问题
So I have a typical find().sort() query that I run on my mongo collection.
db.collection.find({field1:1}).sort({field2:1})
Now, say I have three indexes on this collection:
- single index on
field1 - single index on
field2 - compound index on
field1andfield2-{field1:1,field2:1}
Now my question, how does mongoDB treat the above query? What are the indexes that will be used in a query like that- two single indexes or the one compound index?

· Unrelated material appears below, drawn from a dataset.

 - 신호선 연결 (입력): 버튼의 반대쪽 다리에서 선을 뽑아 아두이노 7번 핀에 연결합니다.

If I remove the compound index, does it in fact make use of the two single indexes but slowing down?
回答1:
If I got your point, this might help:
Assuming you have these documents for sample
{
field1 : 1,
field2 : 2,
},
{
field1 : 2,
field2 : 3,
},
{
field1 : 1,
field2 : 4,
}
Step 1: you have index just for filed1 (name of index field1_1)}:
perform the : db.test3.find({field1:1}).sort({field2:1})

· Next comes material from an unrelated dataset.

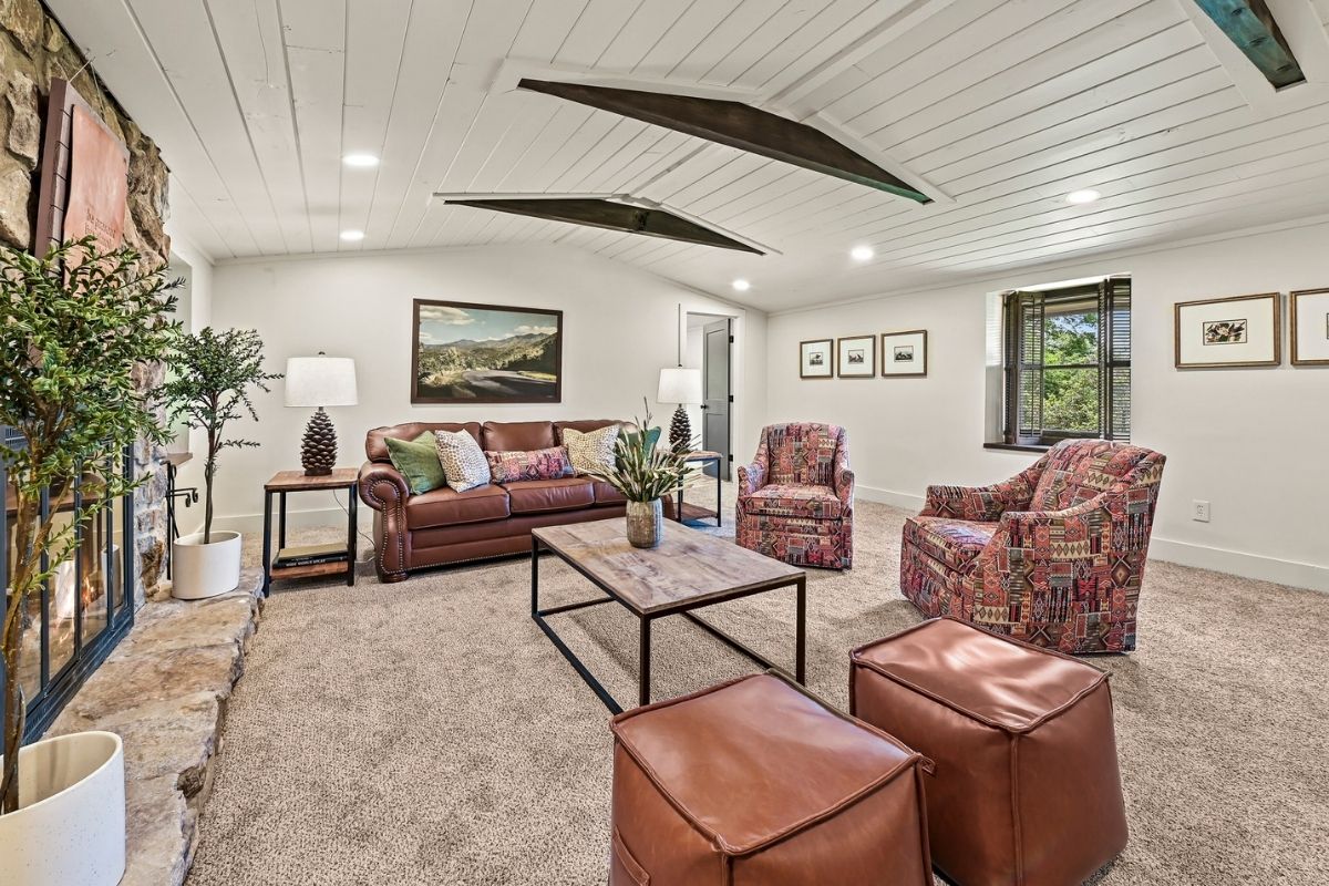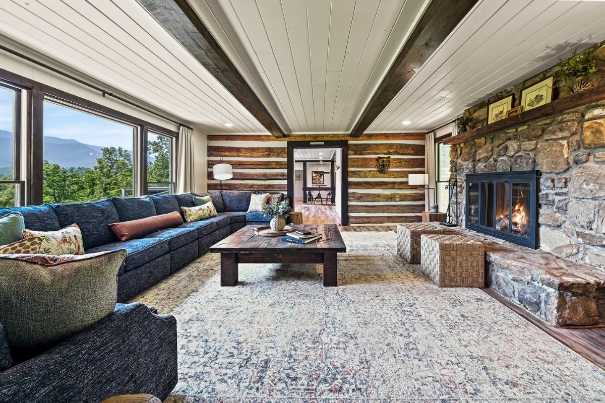 The main level of the home offers a spacious living area that beckons you to unwind. Sink into the plush u-shaped sectional sofa, surrounded by comfortable chairs, while the large stone (gas) fireplace casts a cozy glow. Look out through the expansive picture windows and behold the majestic beauty of the Smoky Mountains, providing a backdrop that truly takes your breath away.

the mongo uses field1_1 index to search in document. the result of .explain() is:
"cursor" : "BtreeCursor field1_1",
"isMultiKey" : false,
"n" : 2,
"nscannedObjects" : 2,
"nscanned" : 2,
Step 2: add your compound index, name it field1_1_field2_1, now you have 2 index for field 1.
perform find().sort() query, you will have
"cursor" : "BtreeCursor field1_1_field2_1",
"isMultiKey" : false,
"n" : 2,
"nscannedObjects" : 2,
"nscanned" : 2,
Concolusion:
if you use db.test3.find({field1:1}).sort({field2:1}), the mongo will use field1_1_field2_1 index.
if you use db.test3.find({field1:1}), the mongo will use field1_1 index.
I your case, If you have just field1_1_field2_1 index and you are performing db.test3.find({field1:1}), the mongo will use field1_1_field2_1 index as well.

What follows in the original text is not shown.